While nascent, this future of IoT edge devices is emerging. Vendors that evolve in these capacities will also invest in more specialized apps and services native to the device to enhance its edge computing capabilities.
To get started, consider the needs of the IoT application, the type of data collected, if any protocol translation is needed, and the types of services that are required. Further, consider what the specific IoT platform provider supports. These data points will then inform the decision process on the type of IoT edge device that should be considered. Once the software requirements are known, consider the type of network connections needed, the environment, and the physical requirements for the IoT edge device.
Most IoT edge devices will offer similar capabilities and generic services to appeal to the broadest set of business cases.
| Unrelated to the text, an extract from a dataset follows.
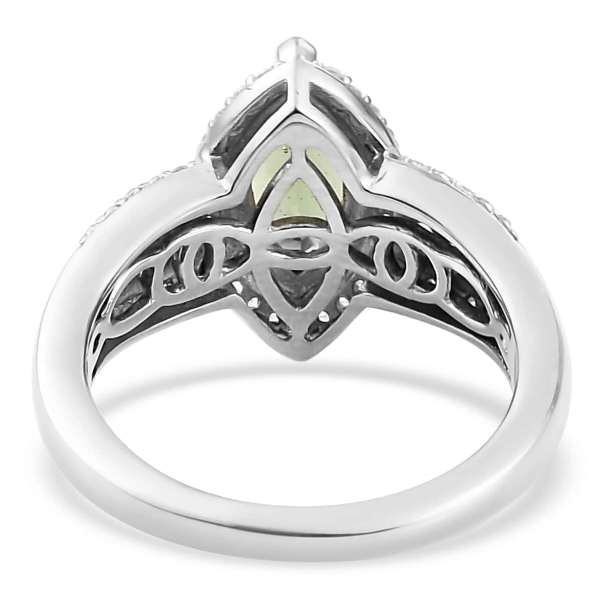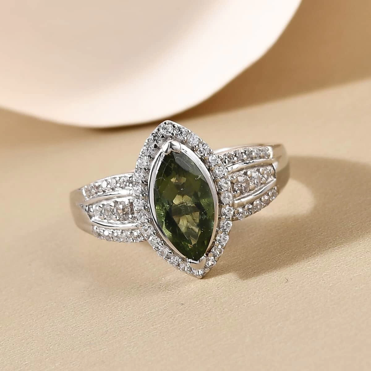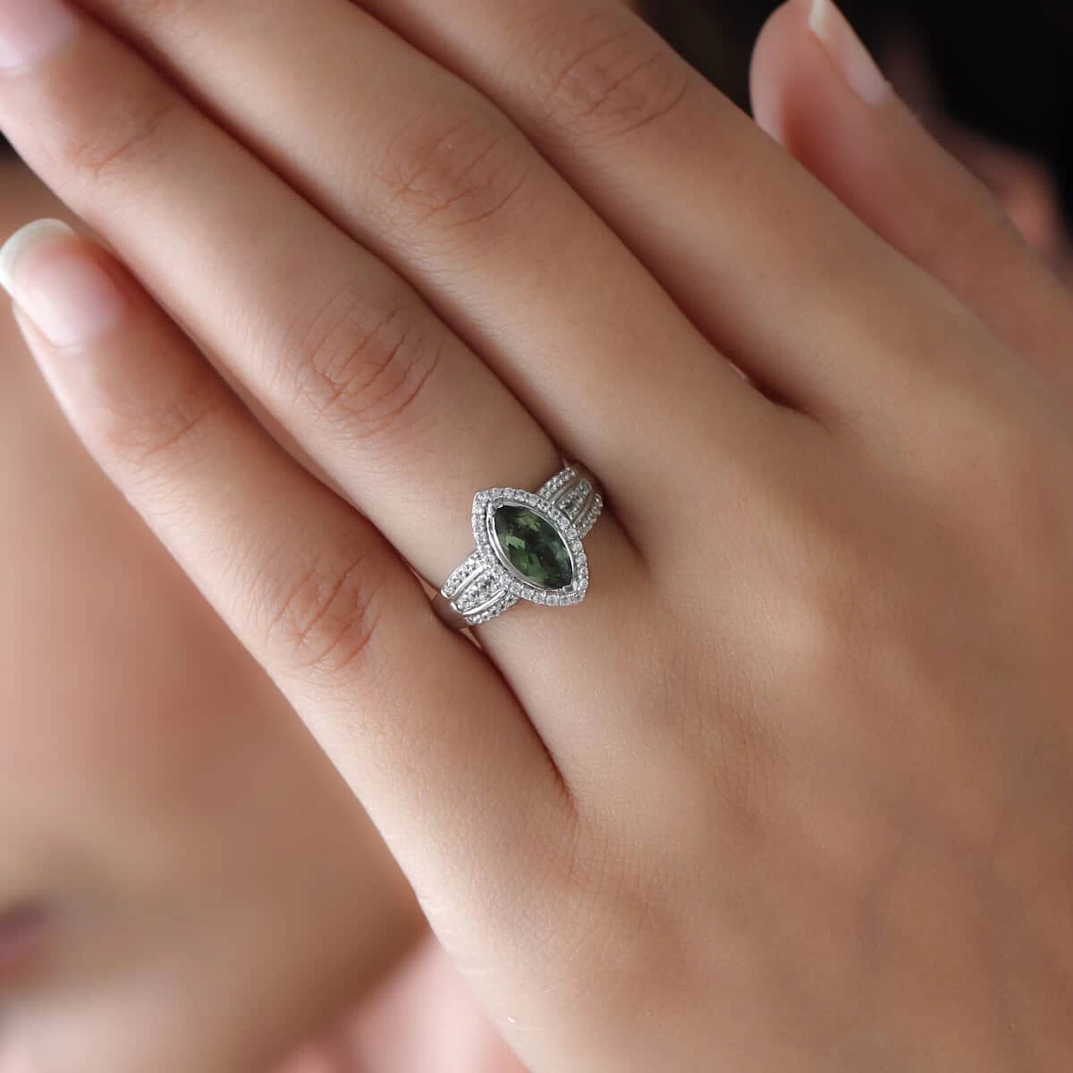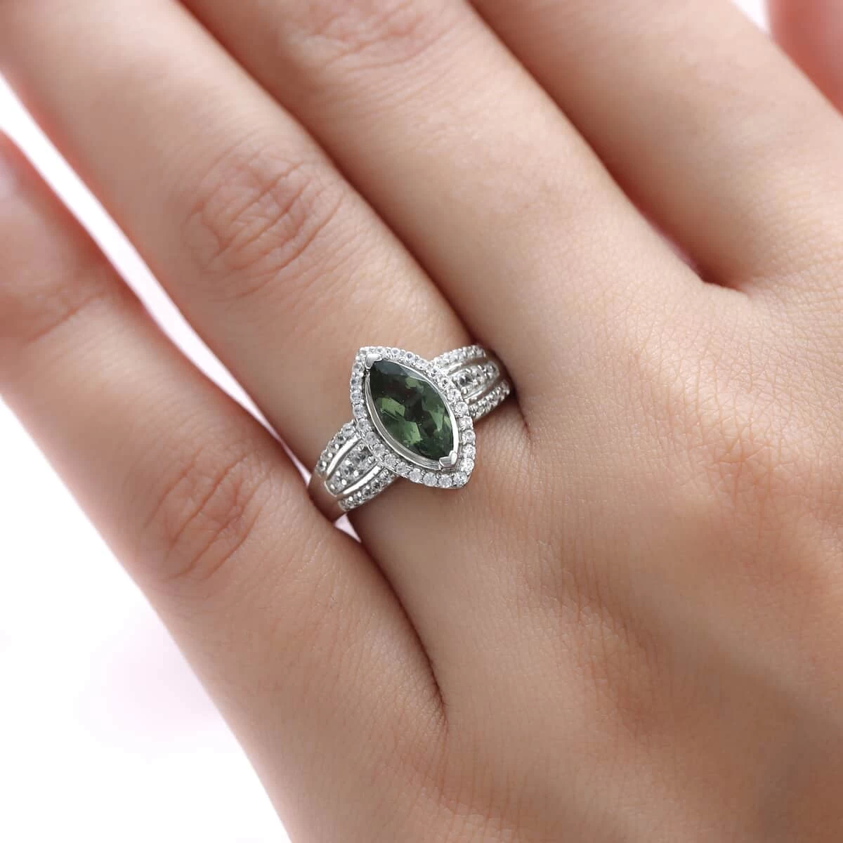 This halo-inspired ring is crowned with amazing Bohemian moldavite exuding irresistible luster. The zircon-loaded shank is creatively designed with utmost precision. The granular setting of zircons makes this ring an extravagant piece of royal jewelry. Creating a great look with any outfit you pair it with, this ring shows off your fashion skills.

However, most IoT edge vendors will offer specialized devices that place a higher priority on memory, support for more container management tools expanding the applications supported, or including specialized processors to assist with AI workloads.
Consider a business application that processes image data from multiple IoT-enabled camera systems within a building to identify people in the facility. The app sends the imaging data back to a cloud-based platform, and provides real-time alerting should people be identified. These then become the requirements for the IoT edge device. In this case, the device needs to have larger storage capacity to store the images and support the potential loss of the network. In addition, the device needs to include larger amounts of memory to support the processing of images. Finally, the device needs to offer support for CEP to take pattern matching from the data flowing into the IoT edge device and then trigger alerts.
This kind of scenario illustrates the power of IoT-enabled devices at the edge.
Sean Bryson is a high-tech executive and consultant focused on innovative technologies.